** INPUT DATA follows **

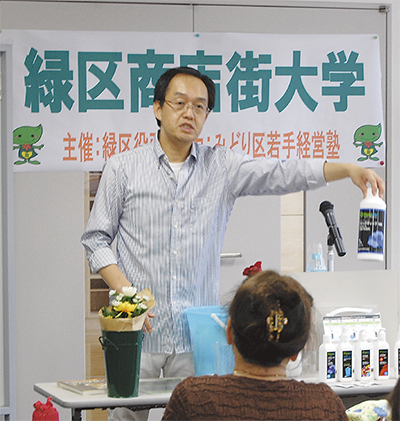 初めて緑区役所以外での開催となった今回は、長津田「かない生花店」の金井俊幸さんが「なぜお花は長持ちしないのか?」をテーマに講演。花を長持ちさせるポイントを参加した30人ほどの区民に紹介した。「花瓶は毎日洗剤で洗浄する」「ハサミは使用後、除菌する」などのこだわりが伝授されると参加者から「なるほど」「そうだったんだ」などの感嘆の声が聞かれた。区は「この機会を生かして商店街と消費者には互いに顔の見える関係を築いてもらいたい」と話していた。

** End of INPUT DATA **
** INPUT DATA follows **

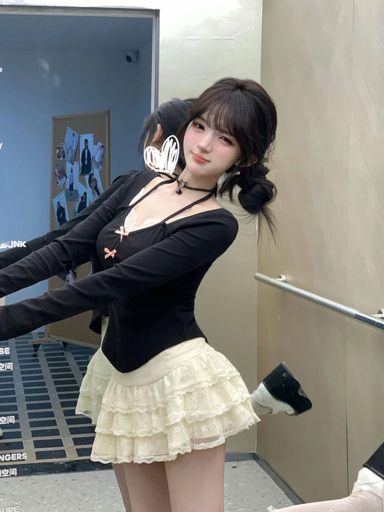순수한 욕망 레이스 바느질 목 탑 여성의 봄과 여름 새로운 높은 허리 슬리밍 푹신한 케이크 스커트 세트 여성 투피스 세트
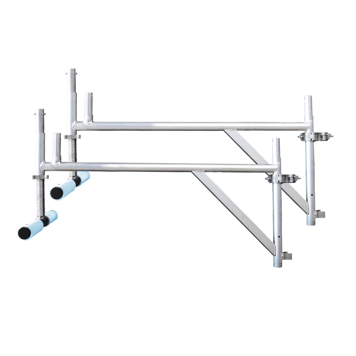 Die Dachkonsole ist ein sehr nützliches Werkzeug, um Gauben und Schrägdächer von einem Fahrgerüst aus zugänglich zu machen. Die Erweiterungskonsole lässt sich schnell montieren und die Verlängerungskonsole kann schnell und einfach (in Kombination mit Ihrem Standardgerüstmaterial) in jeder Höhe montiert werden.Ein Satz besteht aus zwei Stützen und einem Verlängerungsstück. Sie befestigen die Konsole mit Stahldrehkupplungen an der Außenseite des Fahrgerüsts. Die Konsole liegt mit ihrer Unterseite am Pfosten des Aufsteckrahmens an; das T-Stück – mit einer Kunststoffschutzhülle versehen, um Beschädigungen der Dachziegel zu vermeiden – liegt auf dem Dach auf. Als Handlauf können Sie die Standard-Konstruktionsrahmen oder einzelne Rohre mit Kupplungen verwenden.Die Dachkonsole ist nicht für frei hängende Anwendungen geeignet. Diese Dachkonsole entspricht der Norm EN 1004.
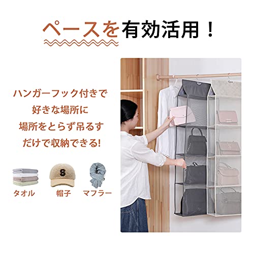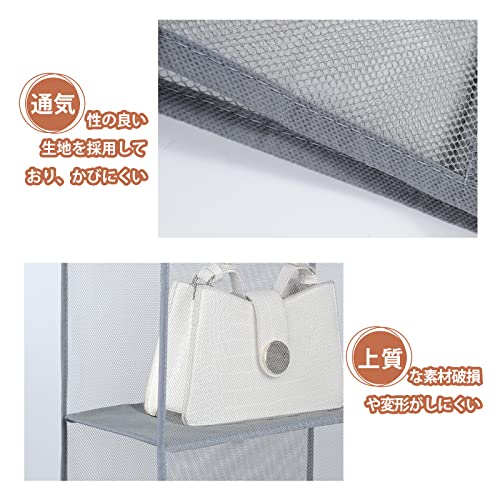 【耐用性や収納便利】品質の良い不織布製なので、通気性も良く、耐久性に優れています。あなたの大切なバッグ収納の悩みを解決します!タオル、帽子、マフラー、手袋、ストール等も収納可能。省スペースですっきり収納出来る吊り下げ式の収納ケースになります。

** End of INPUT DATA **
** INPUT DATA follows **

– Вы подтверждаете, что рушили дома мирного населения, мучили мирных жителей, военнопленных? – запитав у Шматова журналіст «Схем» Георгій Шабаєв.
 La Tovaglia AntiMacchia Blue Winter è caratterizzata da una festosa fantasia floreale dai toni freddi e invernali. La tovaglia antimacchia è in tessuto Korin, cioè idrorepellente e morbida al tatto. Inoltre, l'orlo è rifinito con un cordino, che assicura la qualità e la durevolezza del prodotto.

** End of INPUT DATA **

# WORK INSTRUCTIONS:
Only the lines above starting at the line that holds "Вы подтверждаете, что" and ending at the line that holds "La Tovaglia AntiMacchia Blue" are to be repeated, exactly and in full.

# TASK RESPONSE:
– Вы подтверждаете, что рушили дома мирного населения, мучили мирных жителей, военнопленных? – запитав у Шматова журналіст «Схем» Георгій Шабаєв.
 La Tovaglia AntiMacchia Blue Winter è caratterizzata da una festosa fantasia floreale dai toni freddi e invernali. La tovaglia antimacchia è in tessuto Korin, cioè idrorepellente e morbida al tatto. Inoltre, l'orlo è rifinito con un cordino, che assicura la qualità e la durevolezza del prodotto.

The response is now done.